3dilettante · Jul 7, 2009

Faster command transfer from a core to the IGP?

rpg.314 · Jul 7, 2009

Yeah, graphics caches work very differently from CPU caches. IGP will likely be walled off from polluting/accessing L3 anyway. It will likely end up accelerating sending graphics data to igp. Textures, z, stencil, rendertarget, framebuffer will likely be streamed from memory without polluting caches.

Jawed · Jul 7, 2009

If the graphics portion is a tile-based deferred renderer, how much of a hit to L3 would that be?

Jawed

3dilettante · Jul 7, 2009

If the data is contiguous, maybe a good tile size would be one with a stride that matches with the associativity of the L3, which would keep tile work from blotting out more than one way of associativity.

Nehalem has 16 way, for example.

8MB/16 = .5MB, which might be a good stride for the total size of a given bin's set.

On the other hand, not knowing the porting of the L3, it might not be a good idea to lean on a last-level cache too heavily.

There are a number of dark areas in the IGP section that may correspond to SRAM, which might keep more data within the IGP.

OpenGL guy · Jul 7, 2009

Jawed said:
If the graphics portion is a tile-based deferred renderer, how much of a hit to L3 would that be?

I fail to see how tiling matters. If your depth buffer is larger than the tile size, as it can easily be, eventually it all goes through the cache. If your idea of tile-based deferred renderer is to keep everything out of the L3, i.e. on-GPU tile cache, then what's the point of linking the GPU to the L3 in the first place?

Jawed · Jul 7, 2009

http://ati.amd.com/developer/gdc/2008/gdc2008_ribble_maurice_TileBasedGpus.pdf

L3 would be a stream-through resource (non-temporal "allocated" cache lines), I guess, e.g. for texture data and resolves - and to re-use the on-die memory controllers, rather than having a dedicated set in parallel with the CPU's or some bypass.

Binning may operate in a hierarchical manner, with "L1" caching of "micro-bins" within the on-die GPU coupled with infrequent flushes to memory through L3 which holds "macro-bins". If binning is reasonably multi-threaded then presumably it can hide the latencies involved.

Render target tiles don't need to be huge. Larrabee is going for tiles <256KB in size (substantially less, in fact).

Dunno, I know too little about the real world numbers for a TBDR when used for PC games (e.g. D3D10) versus the mobile space alluded to in Ribble's presentation or the glory days of yesteryear.

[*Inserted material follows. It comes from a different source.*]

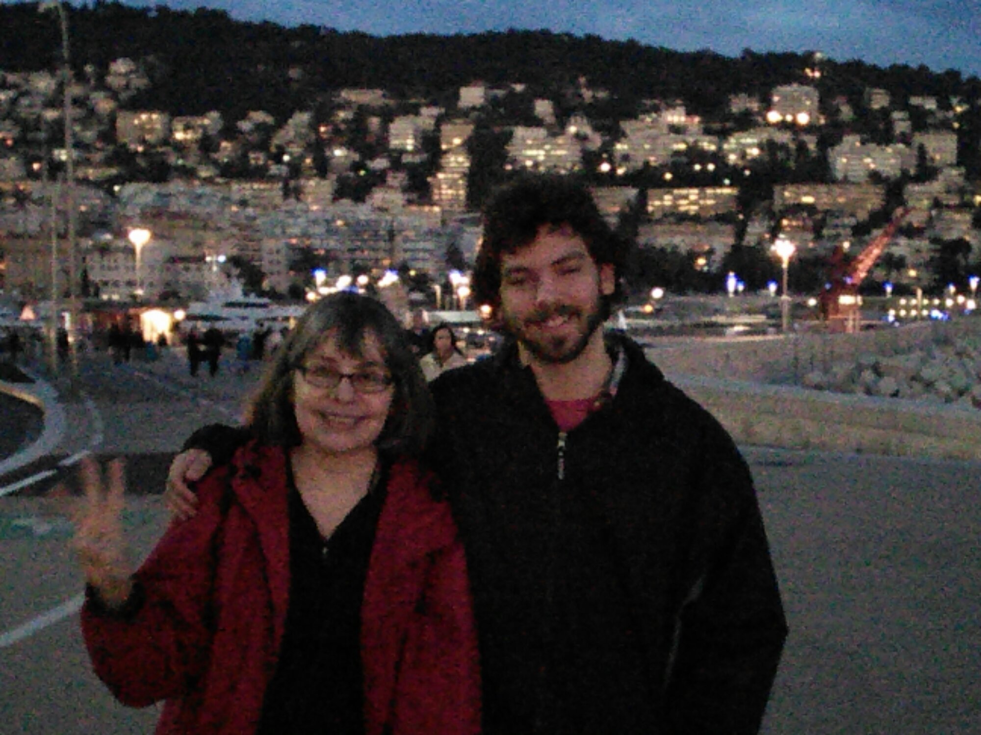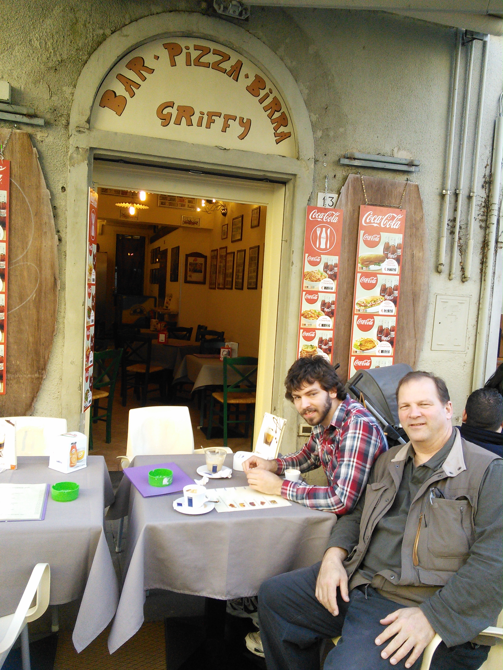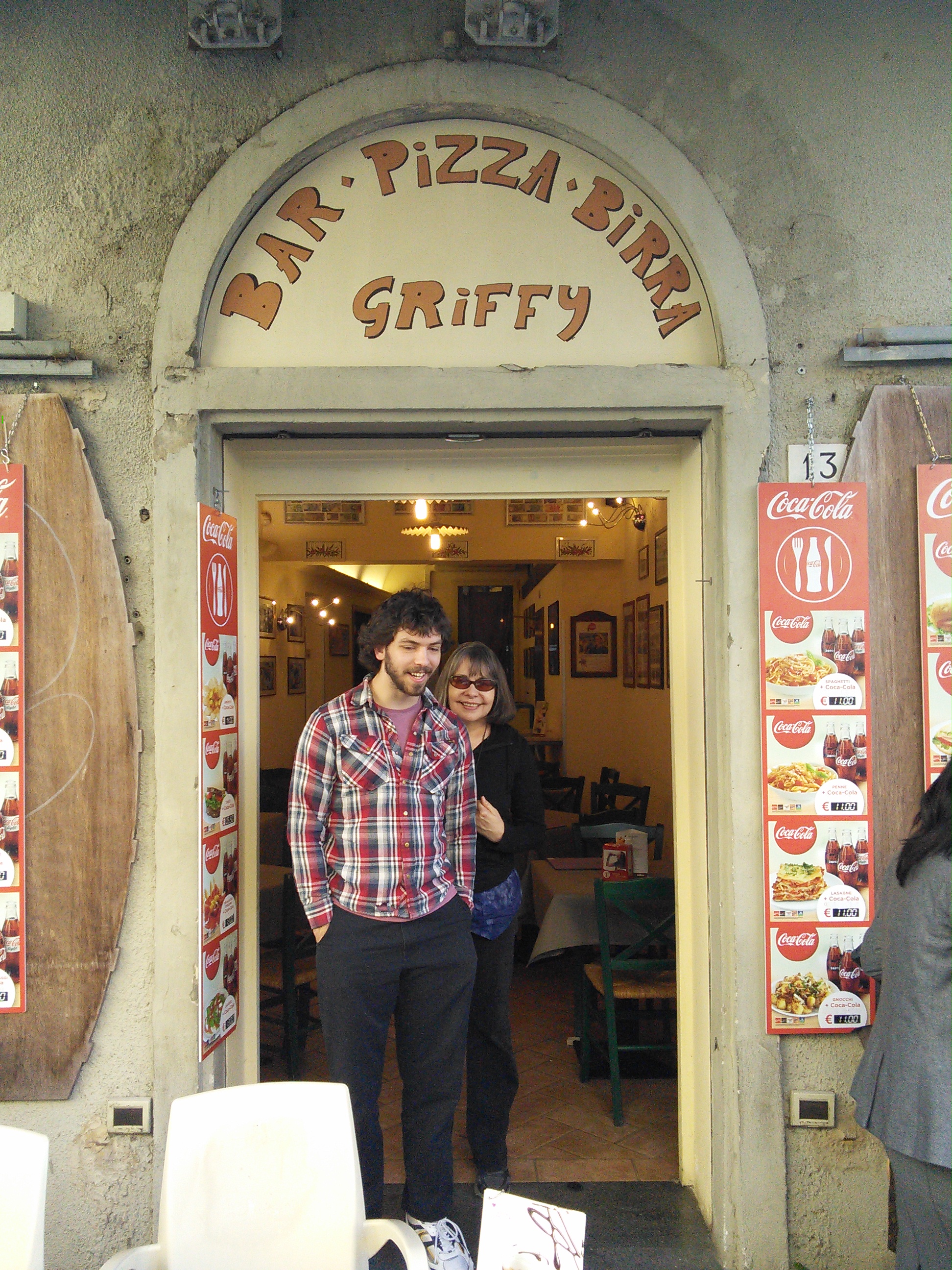 Next we decided to check out a little hilltown near Montepuclaino (Lucca, whose flat we are renting, had recommendded it and a restaurant there to us). We arrived at Montichello around 5:30- and had some wine and bruschetta at La Porta (the restaurant). Dinner was not served until 7:30 so the very kind owner of the restaurant told us to take a walk around town and then come back and we could have some more wine and appetizers and dinner would be just abvout ready. She didn’t want us to pay for what we’d just eaten/drank until later after dinner (Italians are sooo trusting_).. So we went for a leisurely walk around the beautiful town, met a couple of cats (cats seemed to be very popular in Italy) and wandered back to the restaurant.We had a sumptuous meal, with more bruschetta, gnocchi, ravioli, citi, white beans and heavenly Fiorentina steak -and, of course, much wine. 🙂

Also, I'm not sure where the display hardware lives, i.e. reading the front buffer for display on monitor(s). If that lives on the mobo, then wouldn't that have a dedicated blob of (low performance) memory?

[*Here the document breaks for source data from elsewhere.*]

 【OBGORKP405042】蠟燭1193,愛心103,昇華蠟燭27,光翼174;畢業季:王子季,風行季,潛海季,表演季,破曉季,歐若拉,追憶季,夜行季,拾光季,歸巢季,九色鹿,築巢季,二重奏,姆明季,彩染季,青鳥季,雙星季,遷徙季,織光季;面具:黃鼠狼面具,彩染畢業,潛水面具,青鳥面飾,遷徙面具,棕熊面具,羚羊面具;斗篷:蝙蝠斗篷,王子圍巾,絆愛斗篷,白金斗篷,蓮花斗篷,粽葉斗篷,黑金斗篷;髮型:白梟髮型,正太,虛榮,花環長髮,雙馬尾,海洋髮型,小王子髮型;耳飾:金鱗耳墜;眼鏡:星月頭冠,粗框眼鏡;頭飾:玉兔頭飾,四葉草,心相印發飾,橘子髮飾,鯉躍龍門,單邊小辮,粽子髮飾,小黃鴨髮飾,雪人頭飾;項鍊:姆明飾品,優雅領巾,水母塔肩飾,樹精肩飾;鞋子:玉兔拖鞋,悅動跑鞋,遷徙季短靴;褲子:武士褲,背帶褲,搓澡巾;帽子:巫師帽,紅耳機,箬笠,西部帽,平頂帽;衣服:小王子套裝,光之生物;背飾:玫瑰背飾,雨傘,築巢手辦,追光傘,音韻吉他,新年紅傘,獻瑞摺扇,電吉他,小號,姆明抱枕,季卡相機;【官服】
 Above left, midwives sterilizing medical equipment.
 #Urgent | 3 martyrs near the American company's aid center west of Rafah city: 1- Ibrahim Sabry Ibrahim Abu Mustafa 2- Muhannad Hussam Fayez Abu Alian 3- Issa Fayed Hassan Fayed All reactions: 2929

Intel has access to TBDR IP doesn't it?

Jawed

Kaotik · Jul 8, 2009

Jawed said:
Intel has access to TBDR IP doesn't it?

Jawed

I have no idea on how "free" the access is, but yes, they do at least use IMG's SGX in one chipset under GMA-monicker, and IIRC their "own" GMA-chips use some sort of TBDR-system too.

mczak · Jul 8, 2009

Kaotik said:
I have no idea on how "free" the access is, but yes, they do at least use IMG's SGX in one chipset under GMA-monicker, and IIRC their "own" GMA-chips use some sort of TBDR-system too.

intel's gma used to do something called ZBR (zone based rendering) which is similar to tile based. Wasn't deferred, though. Only the older gen gma do that, however, not the i965-based ones.

aaronspink · Jul 8, 2009

3dilettante said:
I'm not sure how loosely we'd have to use the term "competitive" for much of the time span x86 competed with RISCs.

how about the majority of the time that x86 has been in existence. As least beginning with the P6 generation x86 has been at the top or number 2 spot in performance of all designs available. That's 14 years now. Also for most of that time, its also had a much more constrained environment for power and system interfaces.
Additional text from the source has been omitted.